Academy System Blocking Applications With No Right To Appeal
The parents of a gifted eleven year old boy with cerebral palsy have begun a legal battle to have him accepted at one of the government’s flagship academies, after the school turned down his application.
Mossbourne Academy in Hackney, East London, recently rejected applications from a boy with special needs and refused to accept that the Special Educational Needs Tribunal should hear the case, after the school claimed it was not governed by the legislation but its own funding agreement with the Secretary of State.
The school’s response to his application was that his admission “would be incompatible with the efficient education of other children in the school”.
This groundbreaking case will test how far academies can be forced to comply with the special needs legislation which applies to other non-fee paying schools.

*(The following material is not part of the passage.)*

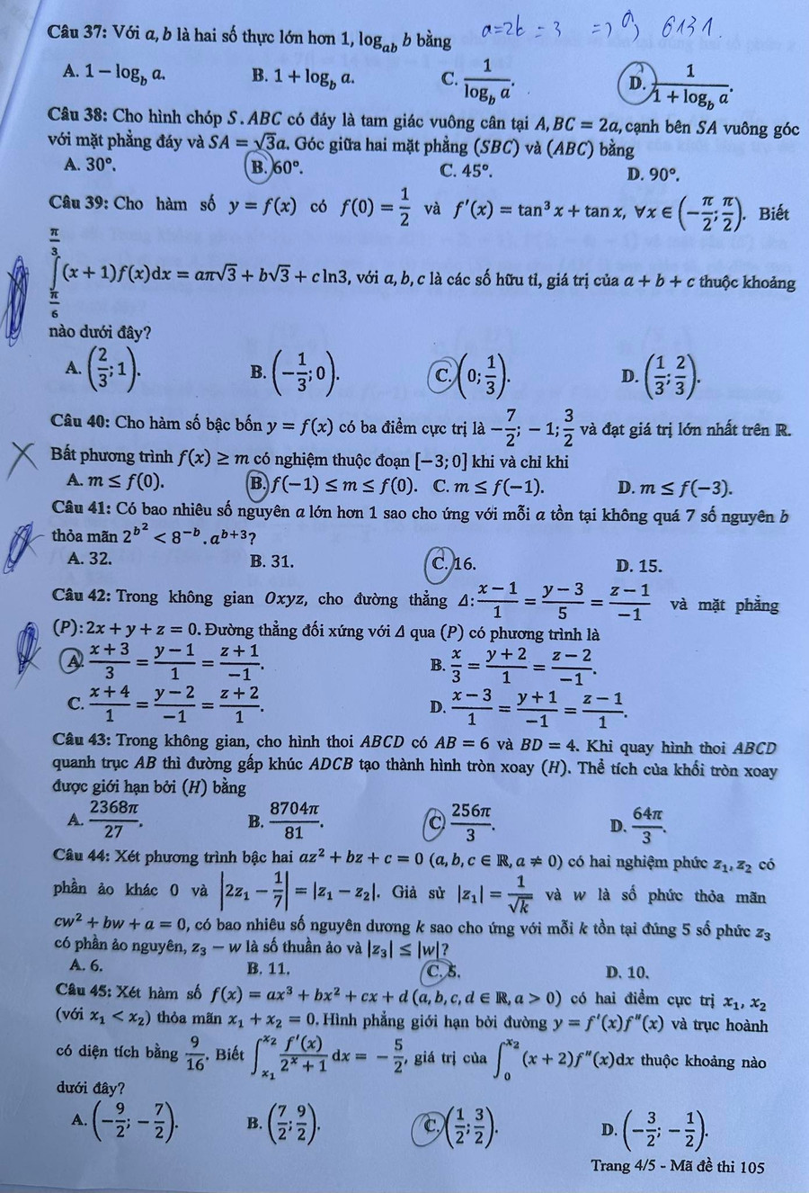 Những câu 39, 40, 41, 46, 47, 48 là mức độ khá và quen thuộc, những câu khó hơn nằm ở phía sau, từ câu 39 có sự khác biệt hẳn so với đề minh họa.

Elaine Maxwell, partner at solicitors Maxwell Gillott is representing the boy’s mother. “His condition only affects his ability to get around school at busy times as he can walk but is not always steady on his feet. The only real additional provision he needs is a bit of support during these times to make sure he is safe, and as he has already obtained an A* in Maths GCSE at the age of 11, he certainly has no problem keeping up with lessons, although he will also need appropriate IT which his parents have offered to provide.
What is particularly difficult in this case is that the parents are not allowed to appeal against the school admission process as their son has a statement which means the school he attends should be decided by the Special Educational Needs Tribunal.
Simultaneously, Mossbourne has attempted to ensure that the Tribunal is unable to hear the case, leaving disabled children with statements in a worse position than anyone else if they want a place at an Academy.
“We are keen to hear from any parents who are also facing difficulties in getting Academy schools to accept their statemented children as it is really important that the law is clarified,” added Elaine. “Our major concern with the whole academy system is that in many cases academies are able to operate outside the laws that apply to all local authority schools. Although the Government has attempted to deal with this through the funding agreements it has with the new academies, there are still a considerable number of these schools which do not follow all the requirements which normally apply to children with special educational needs.”